WSJ Got It Wrong About Rural America

The Wall Street Journal recently ventured outside the concrete streets of New York and took a stroll down some gravel roads in rural America.  What they found was not pretty. Rural America today has serious problems: an out of control drug problem, poor access to healthcare, declining populations, lack of a skilled work force, a rising crime rate, economic stagnation, and more. Their conclusion is that living in rural America is worse than living in the inner-city.

 

Their analysis relied heavily on statistics, which do not look good for rural locations. They show that crime rates in urban areas are declining, while they are on the rise in rural communities. Rural divorce rates have tripled in the past decade, well above the national average. Since 2010, seventy-nine rural hospitals have closed. Poverty rates, teen births, cancer rates, drug addiction, and college attainment rates all rank the worse compared to suburban and urban areas.   While the WSJ article focused on the problems and – to a lesser extent – the causes, they totally ignored the solution.

 

While the causes for the current situation are many, they can be summed up in one word: neglect. During the Bush, Clinton, and Obama administrations, federal programs focused on help for urban areas. For the past 8 years, there has been a focus on rural development at USDA, hundreds of millions of dollars have been spent on rural development programs, and it has not made an appreciable difference. The Obama White House talked a lot about extending broadband to rural areas, but little was actually accomplished.

 

The article made much of the loss of manufacturing jobs in rural areas of the Corn Belt, but totally ignored the one industry that has invested billions in rural areas and actively seeks to be located there: the bioenergy sector. In fact, their business analysts totally discounted the contribution that agriculture makes to rural areas. A recent study by Indiana University documented the number of jobs and economic activity that a single livestock farm can bring to a county.

 

The political impact that rural America had at the ballot box last November has not been lost on some politicians. While the Trump administration has not fully implemented a rural strategy, they are taking some steps. The President called for major funding for infrastructure improvement which will include projects in rural areas. In addition, the top-heavy, rural development bureaucracy at USDA has been restructured which will hopefully be an improvement.

 

Indiana has shown that rural America can attract new businesses.  State government, in cooperation with local economic development authorities, has attracted dozens of new business operations to Hoosier small towns and rural areas.  Favorable tax rates and incentives, zoning cooperation, and community support can all be used to bring a new business to town.

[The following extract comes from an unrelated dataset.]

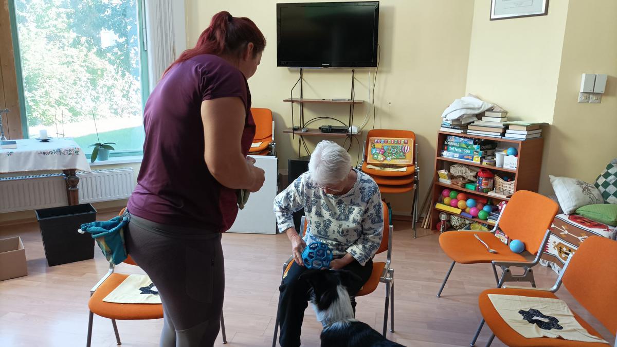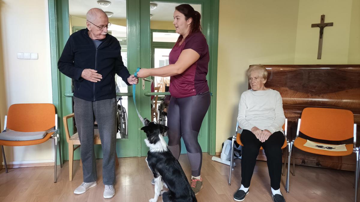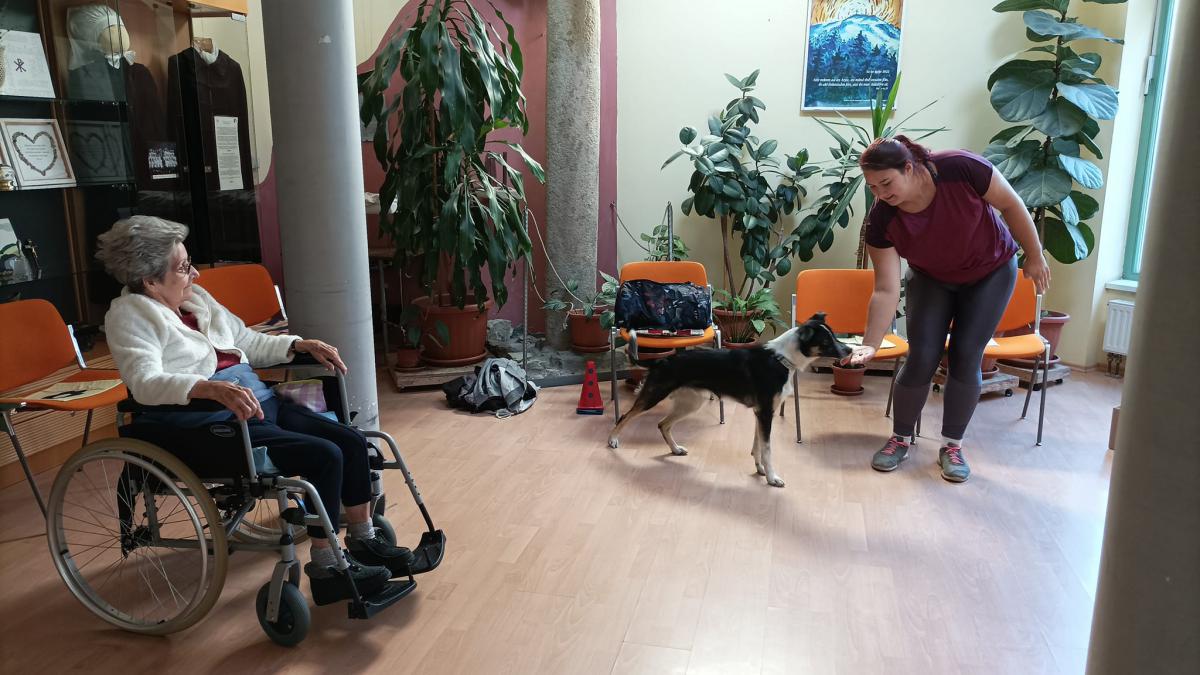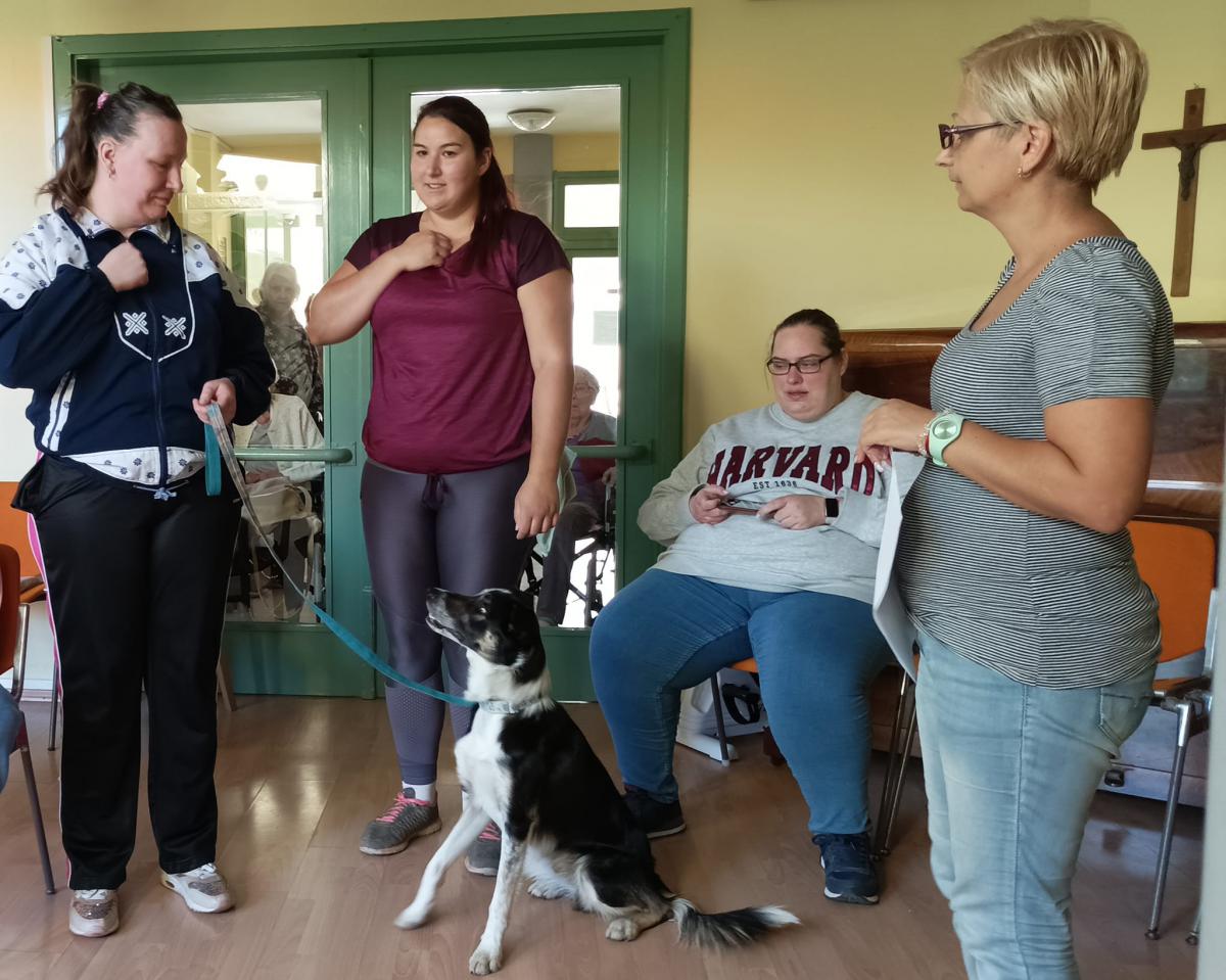 Lakóink két kis csoportban, a kutyával együtt végeztek el a kijelölt mozgásos, testtudat erősítő, szókincs aktivizáló feladatokat. Kutyát sétáltattak, s a sikeres feladatmegoldásokat követően idős és fogyatékkal élő bátran osztotta a jutalomfalatokat.

Another glaring omission from the WSJ story.

 

Yet, rural America’s future does not lie in federal programs, but rather in community action. If we want our small towns and rural areas to be better places to live, we need to take active roles. The small towns that are thriving today are those who had a vision – a vision of what they wanted their community to be.  Rural America has always been about self-reliance and self-help.  It is this rural spirit that the boys from New York missed. Rural America can be great again, with a little help from state and federal leaders and some hard work from the folks who live there.